Aaryan is one of the highest paid actors in India. He was placed eighth in The Times of Indias listing of the country's most desirable men of 2018. He held the 12th spot in the next two years. In 2019, he appeared in Forbes Indias Celebrity 100 list, ranking 67th with an estimated annual income of ₹103.8 million. In 2020, Eastern Eye featured him in their listing of the dynamic dozen for the decade. In 2021, he ranked 20th in Duff & Phelps's listing of the country's most valuable celebrity brands. In 2022, he was ranked 15th in GQ India's "30 most influential young Indians" list.

== Filmography ==
=== Films ===

| Year | Title | Role | Notes | Ref. |
| 2011 | Pyaar Ka Punchnama | Rajat "Rajjo" Mridul |  |  |
| 2013 | Akaash Vani | Akaash Kapoor |  |  |
| 2014 | Kaanchi: The Unbreakable | Binda Singh |  |  |
| 2015 | Pyaar Ka Punchnama 2 | Anshul "Gogo" Sharma |  |  |
| 2016 | Silvat | Anwar Khan | Short film |  |
| 2017 | Guest iin London | Aryan Shergill |  |  |
| 2018 | Sonu Ke Titu Ki Sweety | Sonu Sharma |  |  |
| 2019 | Luka Chuppi | Vinod "Guddu" Shukla |  |  |
| Pati Patni Aur Woh | Abhinav "Chintu" Tyagi |  |  |
| 2020 | Love Aaj Kal | Veer Taneja / Raghuvendra "Raghu" Singh |  |  |
| 2021 | Dhamaka | Arjun Pathak |  |  |
| 2022 | Bhool Bhulaiyaa 2 | Ruhan "Rooh Baba" Randhawa |  |  |
| Freddy | Dr.
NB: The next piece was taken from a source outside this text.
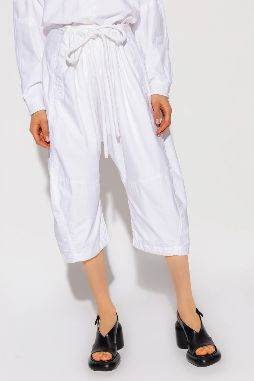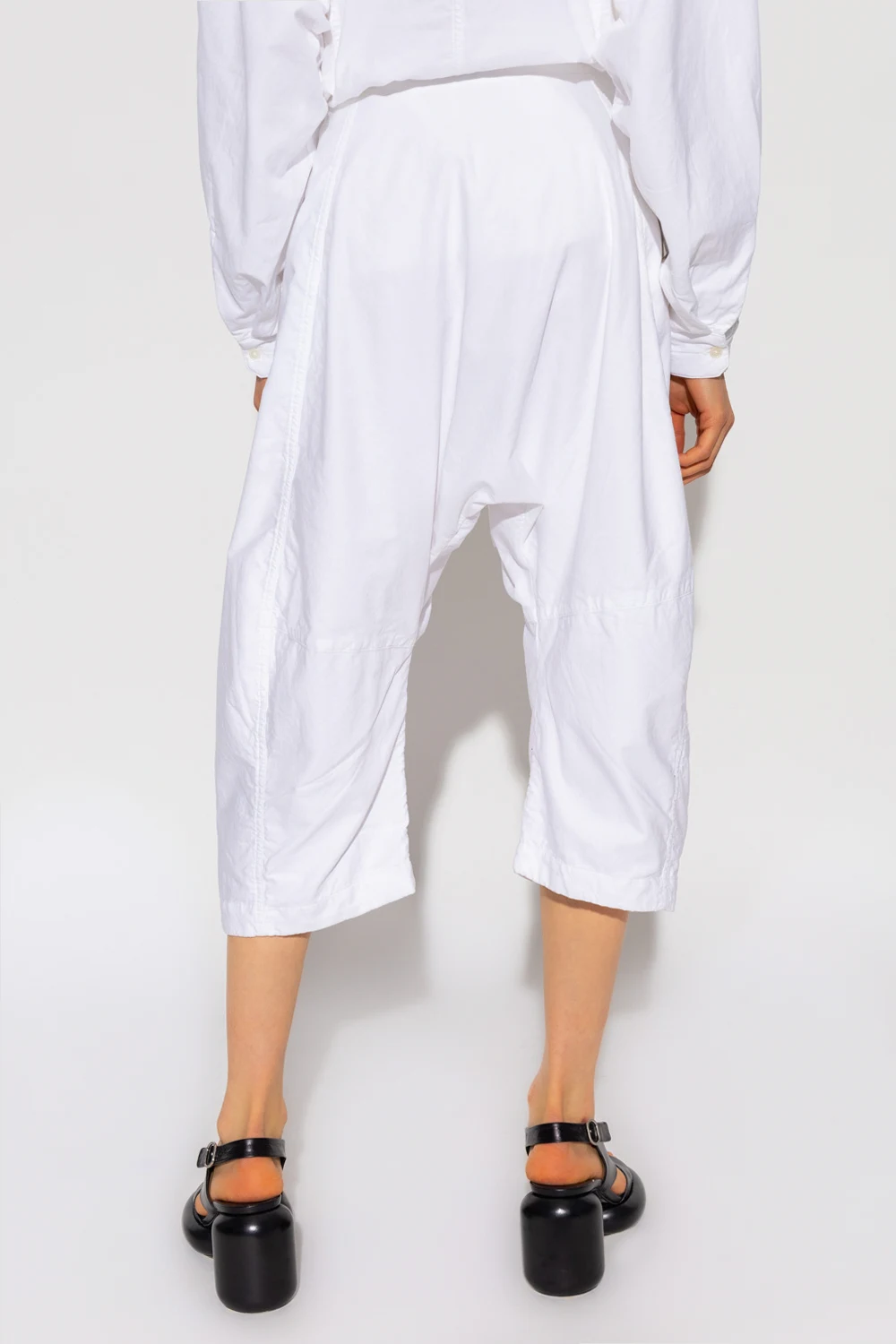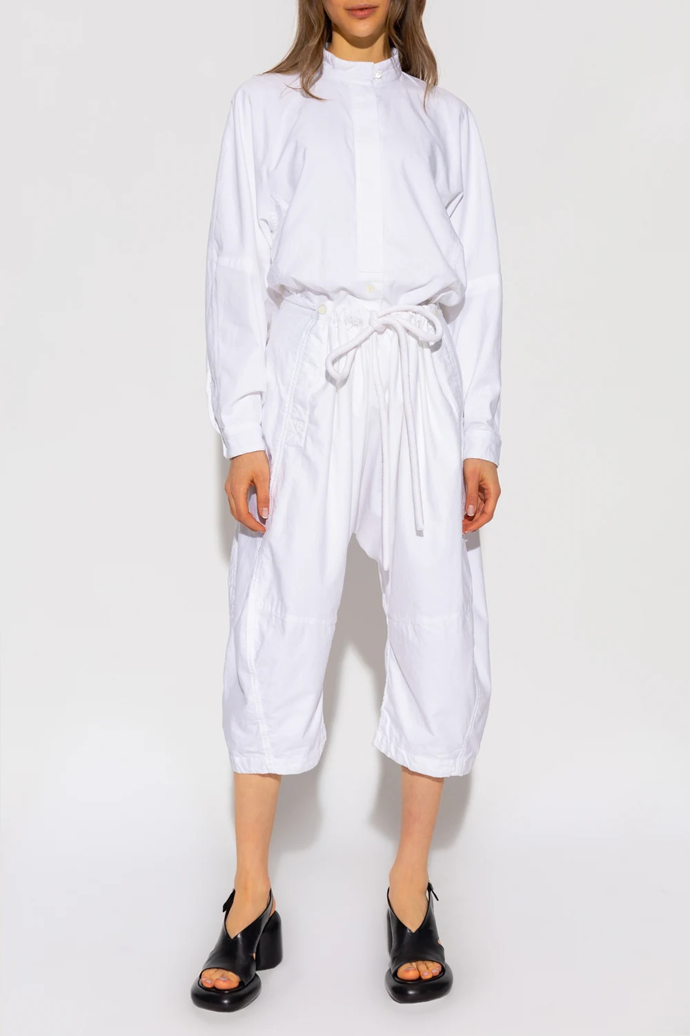 Białe, bawełniane spodnie o luźnym kroju Lemaire. W pasie wszyta guma wiązana grubymi trokami. Dwie wsuwane kieszenie. Luźne nogawki o długości trzy czwarte.

Freddy Ginwala |  |  |
| 2023 | Shehzada | Bantu | Also producer |  |
| Tu Jhoothi Main Makkaar | Rahul | Cameo appearance |  |
| Satyaprem Ki Katha | Satyaprem "Sattu" Narayan |  |  |
| 2024 | Chandu Champion | Murlikant Petkar |  |  |
| Bhool Bhulaiyaa 3 | Ruhan "Rooh Baba" Randhawa / Debendranath |  |  |
| 2025 | Tu Meri Main Tera Main Tera Tu Meri | Rehaan "Ray" Mehra |  |  |
| 2026 | Untitled Anurag Basu's film † | TBA | Filming |  |
| 2027 | Naagzilla † | Preyamvadeshwar Pyare Chand | Post-production |  |
| Untitled Kabir Khan film † | TBA | Filming |  |
| Captain India † | TBA | Filming |  |

Key
| † | Denotes films that have not yet been released |

=== Television ===

| Year | Title | Role | Notes | Ref. |
| 2018 | 19th IIFA Awards | Co-host |  |  |
| 2019 | 2019 Zee Cine Awards |  |  |
| 2022 | Masaba Masaba | Dr. K | Cameo |  |
| 2025 | 25th IIFA Awards | Co-host |  |  |

=== Music videos ===

| Year | Title | Role | Singer | Ref. |
| 2020 | "Muskurayega India" | Himself | Vishal Mishra |  |
| "Nachunga Aise" | Arya | Millind Gaba |  |

== Awards and nominations ==

Aaryan holds the National Film Award for Best Actor and Filmfare Award for Best Actor for Chandu Champion He has received a Filmfare nomination in the Best Actor category for Bhool Bhulaiyaa 2 and two IIFA nominations in the Best Actor category for both his Bhool Bhulaiyaa franchise films, of which he won for Bhool Bhulaiyaa 3.